『13階段』高野和明

13階段

13階段

 今日の通勤時から読み始めたのですが、今までかかって一気に読んでしまいました。明日の仕事の準備どーすんの〜

 きっかけは米原万里さんの書評集『打ちのめされるようなすごい本』です。私が何か書くよりずっと説得力あるので引用しますね。

…寝しなに読み始めたのがまずかった。2001年度江戸川乱歩賞受賞作。1行目から謎解きとスリルの罠に絡め取られて、とにかく途中までおっぽり出せない。最終行まで緊張の糸は弛まず、最後は立て続けにどんでん返しを喰らう。

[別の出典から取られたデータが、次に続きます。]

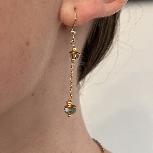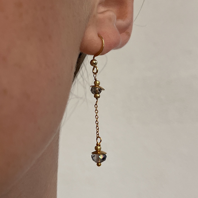 - Matériaux : Perle de cristal, chainette en acier inoxydable et monture 14K
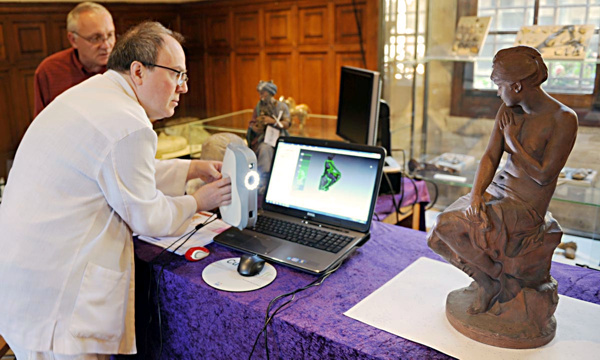 CALLET (au fond à gauche) et Christian LAVIGNE: scan 3D d'une terre-cuite de Paul DELAROCHE (1797-1856) photo Didier GIARD, Ville de VERDUN > |
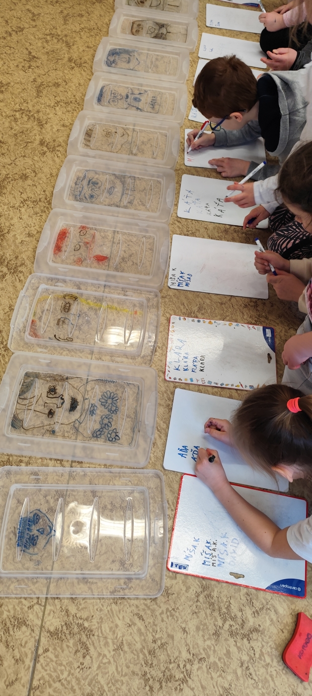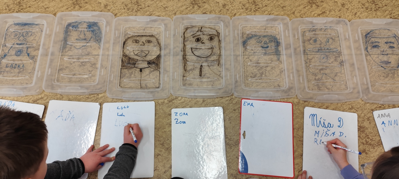 Ve výtvarce jsme se přesunuli do galerie. Vznikaly portréty, které jsme poté hodnotili a hádali, kdo na nich je. Jako pomůcku jsme využili netradičně víčko od krabice a fix na mazací tabulku.
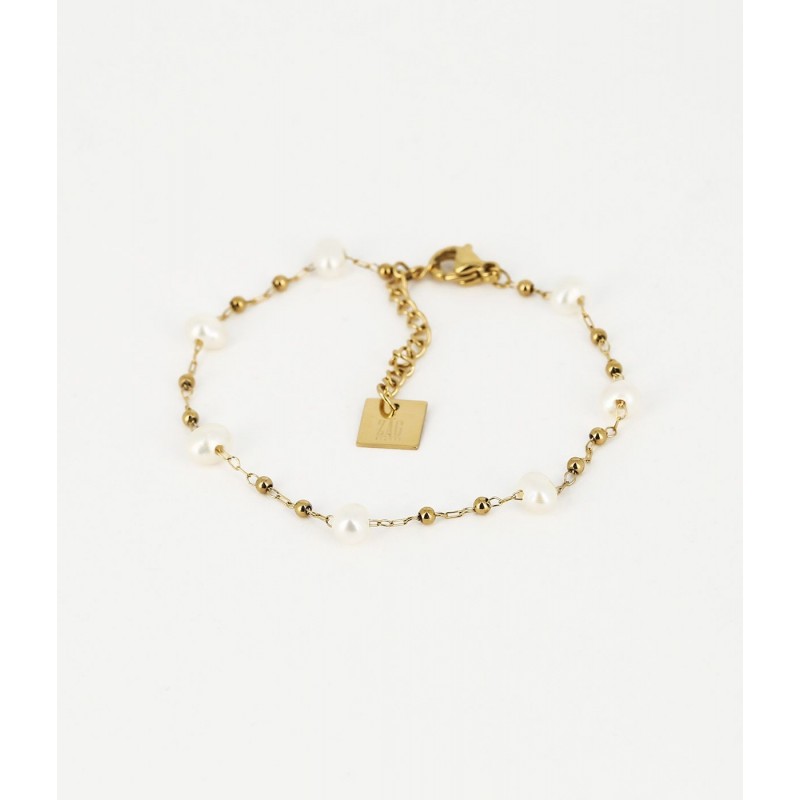 Bracelet ZAG BIJOUX en acier doré avec perles de culture. Fermoire mousqueton. Longueur ajustable de 15cm à 18cm.

 まさにその通りです。とにかくずーっと謎めいていて、だんだん霧が晴れてきた!と思ったら、最後の「立て続けのどんでん返し」、こりゃ休み休み読め、という方がムリ。息もつけません。
 暗く凄惨な描写もあるのですが、人物描写の途中にフッとはいる、カメラでいうとひきぎみの風景描写にホッとします。
 そして、スリルを感じるだけではないのです。読み終わって重い物があります。死刑制度や死刑執行について、犯罪被害者の家族について、犯罪・殺人を犯すということについて考えずにいられなくなります。読み終わって気がついたら泣いていました。
 いろいろあって、「それでも私は後ろめたいことしてないんだから、嘘をつかずに生きられるっていいことだよ。ずるいコトする勝者よりずっと胸を張れるよ。これからも上を向いて歩こう。大丈夫、大丈夫!」と、むりむり自分を励ましてきたけど、本当にそれは有難く誇っていいことなんだと改めて感じました。